Александр Эртель - Карьера Струкова
Струков пожал плечами и тотчас же раскаялся: такой на него был брошен гневный взгляд.
– Но какое же мировоззрение у Петра Евсеича? Мне очень интересно, – поспешил он спросить.
– Именно интересно, какое мировоззрение, – с видом заинтересованного свидетеля подтвердил Петр Евсеич.
– Дело ясное, миленький родитель наш прежде всего безграничный вольнодумец и вместе большой охотник до этих вот богословских вопросов.
– Так, так, именно охотник… ги, ги, ги! – с удовольствием согласился Перелыгин.
– Церковь он любит не больше, чем Вольтер, – тоном насмешливой лекции продолжала Наташа, – но если католическую церковь считает чуть не язычеством, то в восточной видит такую внутреннюю силу, против которой и Ренаны, и Штраусы, и даже наша новая критика будто бы ни к чему. По его, это годится только для забавы… для игры ума.
– Правильно, Наталья Петровна! – с восторгом воскликнул Петр Евсеич.
– По его, если эта внутренняя сила церкви и ослабла, так не от вольнодумцев, а от сильных покровителей. И началось с Никона.
– А с Петра Первого паки и паки.
– Но принципы вселенских учителей будто бы живы даже теперь и будто бы дело Никона с течением веков сметется, и даже Рим повернет к Востоку, и что тогда действительно «врата адовы не одолеют ю…». И будто бы человечеству так и надо, то есть массе…

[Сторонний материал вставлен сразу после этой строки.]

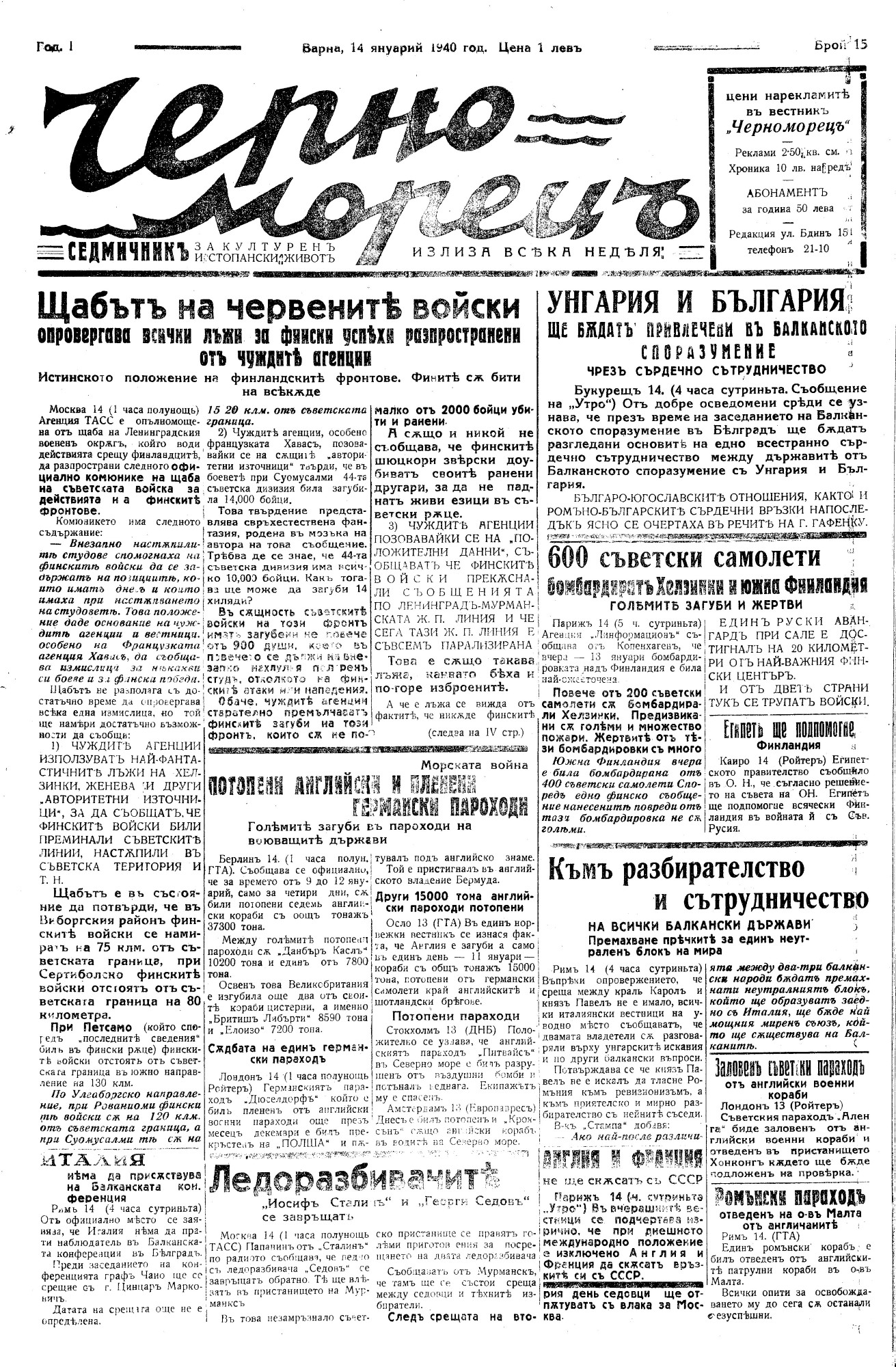 | Дата: | | 14/01/1940, | No. 15 | 1 с. | [ виж броя] |

– Сиротам, – вмешался Петр Евсеич.
– Да, сиротам. А избранным можно, во-первых, этим наслаждаться… ну, как наслаждаются архитектурой Notre-Dame или логической красотою Спинозы, а во-вторых, отвергать, так отвергать под самый корень. И не с исторической точки зрения, или как те, кто сам жаждет Христа, или как деисты, а просто – я, имярек, не нуждаюсь и не боюсь, и сам себе бог. Но это надо и годится только для них, для аристократов… А Петр Евсеич именно аристократ, несмотря что родился от самых заскорузлых кержаков. Вот почему он все отвергает: законы, совесть, веру… и вместе готов целые сутки доказывать правильность двухперстного сложения.
– Ну, пошла, пошла! – со смехом перебил Петр Евсеич. – Насчет совести ты врешь: ее можно называть иначе, а отвергать нельзя. Это выше моего понимания. А что касательно аристократизма – ты бы бога молила: дедушка-демократ давно бы тебя в светелку запечатал.
– Что ж, может, и лучше, если бы запечатал, – с внезапной серьезностью ответила Наташа.
– Вот шутка, Алексей Васильич, – весело сказал Перелыгин, – ведь правда, что ихний пол шалеет на воле! Мать ее, Елена Порфирьевна, так ни с того ни с сего с судебным следователем от меня сбежала. Феербахом нас развивал, первый мой приятель был… Взяла и сбежала. Зачем, спросить ее? На вольном воздухе закружилась.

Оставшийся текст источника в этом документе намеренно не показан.